WORK REQUIRED: Nothing beyond the line containing "we want God" is to be printed; print exactly each line from the start of the records below through that line, leaving out pictures.

RECORDS FOR THIS EXERCISE:
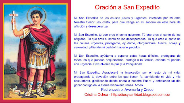 Oración a san expedito para el amor. Descubre la letra de la oración a san expedito para el amor y añádela cada día en tus reflexiones cristianas y en cada momento que dediques a la oración. Recuerda siempre acompañar las plegarias a san expedito con velas de color rojo o de color verde. Poderoso san expedito solidario con los que sufren.
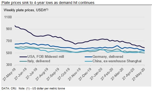 The resumption rate of European businesses has increased and construction works are taking place again. Even so, mills and service centers are still delivering orders that were placed before the lockdown and any spot orders are for small packages. There is little visibility of forward orders and what demand will look like beyond five to six weeks. There is some concern that companies are finishing parts of projects that were in progress before the lockdown, which may not continue thereafter. Mill lead times in Europe have decreased, with some at less than five weeks for HR coil. India has diverted sales to Asia in recent weeks and is no longer offering aggressively in Europe. Turkish prices have also increased slightly, reducing their competitiveness in Europe.
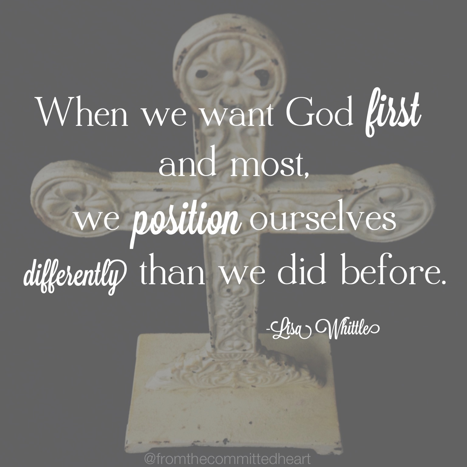 20140824-192443.jpg“When we want God first and most, we position ourselves differently than we did before.” -Lisa Whittle
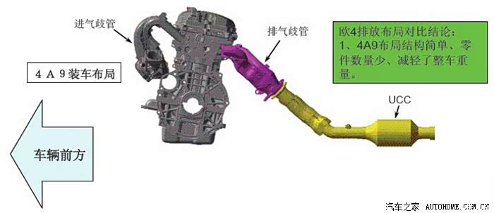 3、树脂材料进气歧管与摇臂室盖、反置排气歧管:大部分常规发动机采用的是铝制或铸铁进气歧管,排气歧管前置。4A91如此设计,可以达到减轻重量、降低油耗、节约成本的目的。但低速工况下,可能会出现进气不足的情况,需要经过精心的设计与调教来弥补,4A91在这点上解决的不错。
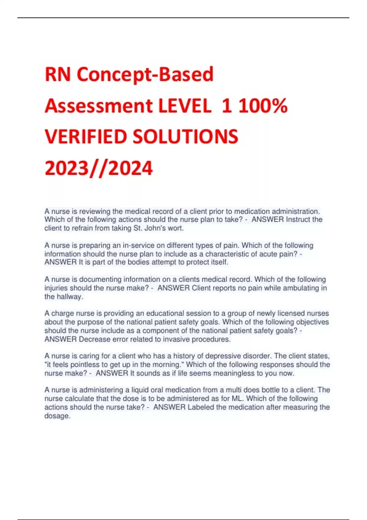 RN Concept-Based Assessment LEVEL 1 100% VERIFIED SOLUTIONS 2023//2024 A nurse is reviewing the medical record of a client prior to medication administration. Which of the following actions should the nurse plan to take? - ANSWER Instruct the client to refrain from taking St. John's wort. A nurse is preparing an in-service on different types of pain. Which of the following information should the nurse plan to include as a characteristic of acute pain? - ANSWER It is part of the bodies attempt to protect itself. A nurse is documenting information on a clients medical record. Which of the following injuries should the nurse make? - ANSWER Client reports no pain while ambulating in the hallway. A charge nurse is providing an educational session to a group of newly licensed nurses about the purpose of the national patient safety goals. Which of the following objectives should the nurse include as a component of the national patient safety goals? - ANSWER Decrease error related to invasive procedures. A nurse is caring for a client who has a history of depressive disorder. The client states, "it feels pointless to get up in the morning." Which of the following responses should the nurse make? - ANSWER It sounds as if life seems meaningless to you now. A nurse is administering a liquid oral medication from a multi does bottle to a client. The nurse calculate that the dose is to be administered as for ML. Which of the following actions should the nurse take? - ANSWER Labeled the medication after measuring the dosage. A nurse is teaching a group of Parents and guardians about identifying substance use disorder among adolescents. Which of the following adolescent behaviors should the nurse include as a possible indication of substance use disorder? - ANSWER Wearing dark glasses indoors A community health nurse is teaching a group of older adult client at a senior center. Which of the following factors should the nurse include as an age related change the increases the risk for constipation an older adult clients? - ANSWER Delayed gastric emptying. A nurse is disgusting informed consent with a group of newly licensed nurses. Which of the following actions is the responsibility of the nurse when obtaining informed consent? - ANSWER Verify that the client voluntarily gave consent for the procedure A nurse is providing handoff report on a client. Which of the following information should the nurse include in the report? - ANSWER The client is scheduled for a chest x-ray on the next shift
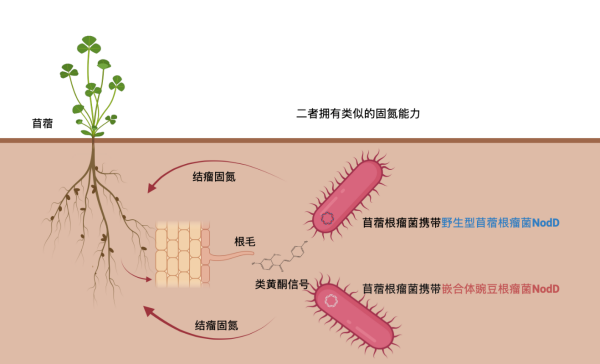 嵌合體NodD能夠互補苜蓿根瘤菌NodD突變體,恢復(fù)其在苜蓿上的固氮結(jié)瘤能力
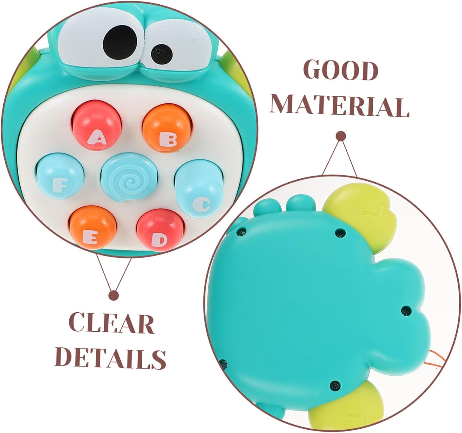 Divertimento di apprendimento interattivo: incoraggia lo sviluppo cognitivo precoce introducendo la conoscenza dell'alfabeto attraverso un gioco coinvolgente, promuovendo l'amore per l'apprendimento nei bambini piccoli Mini design portatile: compatto e leggero, adatto per l'intrattenimento in movimento, che consente ai bambini di sviluppare capacità motorie e velocità di reazione sempre e ovunque Unico e accattivante: il design distintivo aggiunge un tocco di personalità, rendendolo un giocattolo eccezionale con cui i bambini adoreranno giocare e mostrare Colori vivaci: catturano l'attenzione dei bambini migliorando la percezione visiva e aiutandoli a imparare a identificare e differenziare i colori Adatto al familiare: adatto a ragazzi e ragazze, questo giocattolo promuove il gioco interattivo, creando ricordi gioiosi e rafforzando i familiari

REPLY:
 Oración a san expedito para el amor. Descubre la letra de la oración a san expedito para el amor y añádela cada día en tus reflexiones cristianas y en cada momento que dediques a la oración. Recuerda siempre acompañar las plegarias a san expedito con velas de color rojo o de color verde. Poderoso san expedito solidario con los que sufren.
 The resumption rate of European businesses has increased and construction works are taking place again. Even so, mills and service centers are still delivering orders that were placed before the lockdown and any spot orders are for small packages. There is little visibility of forward orders and what demand will look like beyond five to six weeks. There is some concern that companies are finishing parts of projects that were in progress before the lockdown, which may not continue thereafter. Mill lead times in Europe have decreased, with some at less than five weeks for HR coil. India has diverted sales to Asia in recent weeks and is no longer offering aggressively in Europe. Turkish prices have also increased slightly, reducing their competitiveness in Europe.
 20140824-192443.jpg“When we want God first and most, we position ourselves differently than we did before.” -Lisa Whittle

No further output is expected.